The new report, titled Refined strategies: Luxury extends its reach across China, is based on a survey of consumers in 15 cities across China, conducted by TNS, the market research company.  

Respondents were between 20 to 44 years of age, and earning upwards of RMB 4,500 per month, with a minimum income of RMB 6,500 in the larger cities of Beijing, Shanghai, Guangzhou, and Shenzhen.  

Despite a tougher economic climate, respondents demonstrated their brand loyalty, as they chose to stick with existing brands rather than downgrading to less prestigious options.  

The effects of the downturn were felt most strongly in Shanghai and in the export-sensitive markets of southern China, but far less in Beijing and across other second-tier cities, which were arguably less exposed to global financial instability.  

"While younger professionals and other aspiring consumers may have struggled to command higher salaries over the past year, privately-owned enterprises are increasingly surpassing the former state-owned enterprises as generators of wealth, creating a new consuming elite," says Nick Debnam, head of Consumer Markets with KPMG China.  

The survey also notes a strong potential of outlet malls to expand in China, as retail formats diversify and brands seek new ways to monetise any surplus stock.  

"The survey shows awareness of outlets is relatively low, but the size of the Chinese market means that brands can employ a range of strategies and retail formats. Brands will naturally be vigilant to any negative impact on their brand perception arising from reliance on outlets, but with the tax framework not favouring repatriation of surplus stock to other markets, we do expect this to be looked at seriously," explains Debnam.  

The KPMG report notes changes in attitudes to luxury brands in the past two years. Self-reward (cited by 54 percent) and pampering (cited by 44 percent) have become stronger motivating factors for people buying luxury, compared to 2008 when fewer consumers identified these as factors. The desire to purchase luxury items for formal occasions also continues to rank as a leading motivating factor, identified by 42 percent of respondents.  

The survey highlights scope for greater use of technology to communicate with customers. With the ubiquity of mobile phone usage in China, and the advent of 3G technology, there are more options to engage with customers using mobile communications. While the in-store experience continues to be a key focus, luxury brands are increasingly revising their e-commerce strategies in China, as they view this as an opportunity to win competitive advantage.  
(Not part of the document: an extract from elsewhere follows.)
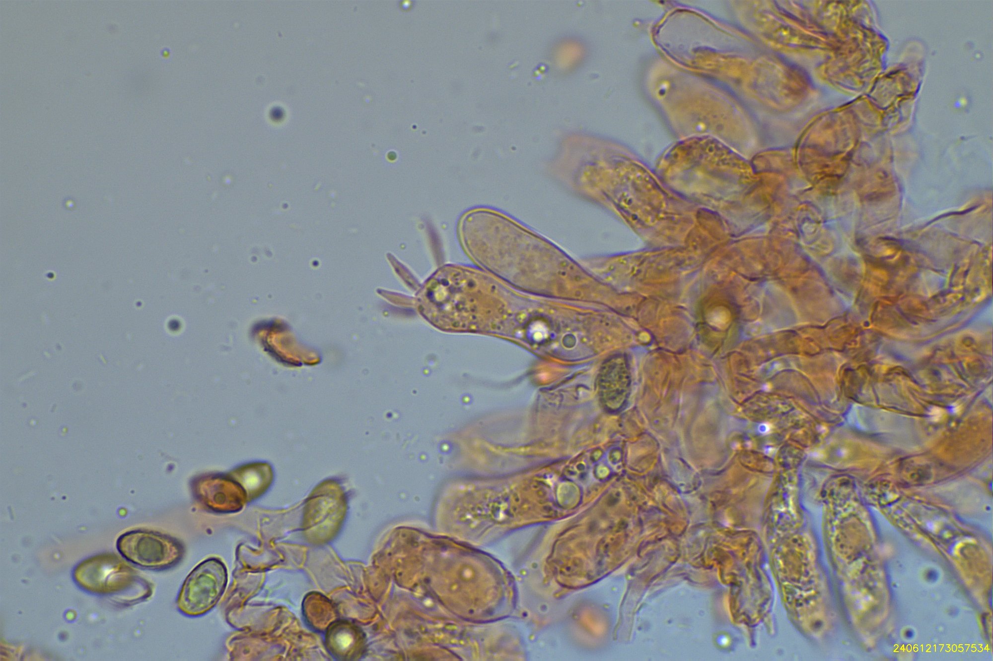 Arêtes: concolores aux lames (brun-rouge, ocracées) fertiles; basides bouclées, tétra avec de long stérigmates ~ 5µm , très peu de cheilo qui sont vésiculées, et pas vu de pleuro; hyphes du piléipélis parfois bouclés

The survey also suggests companies will be able to better leverage mobile marketing communications: 57 percent of respondents said they would be interested in receiving updates on new arrivals or limited editions via SMS; while 64 percent indicated they would be interested in validating the genuineness of their purchases using their mobile phone or other devices.  

- Ends -


About the survey 

TNS conducted their survey of luxury consumers in the third quarter of 2009. They conducted interviews with 927 consumers, all of them between 20 and 44 years of age.  
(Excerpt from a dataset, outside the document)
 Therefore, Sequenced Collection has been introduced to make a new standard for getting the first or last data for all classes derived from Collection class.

To qualify, respondents in Beijing, Shanghai, Guangzhou and Shenzhen needed to earn RMB6,500 or above. In other cities, it was RMB4,500 or above. These other cities included Fuzhou, Hangzhou, Nanjing, Dalian, Harbin, Shenyang, Tianjin, Wuhan, Xian, Chongqing and Chengdu.  

The female:male ratio was 51:49 and 71 percent of respondents were educated to college/university level or above.  

The consumer research was supported by qualitative research, involving 12 in-depth interviews with high earning consumers.  


About KPMG 

KPMG is a global network of professional firms providing Audit, Tax and Advisory services. We operate in 146 countries and have 140,000 people working in member firms around the world. The independent member firms of the KPMG network are affiliated with KPMG International Cooperative ("KPMG International") a Swiss entity. Each KPMG firm is a legally distinct and separate entity and describes itself as such. 

KPMG China has 12 offices (including KPMG Advisory (China) Limited) in Beijing, Shenyang, Qingdao, Shanghai, Nanjing, Chengdu, Hangzhou, Guangzhou, Fuzhou, Shenzhen, Hong Kong and Macau, with more than 9,000 professionals.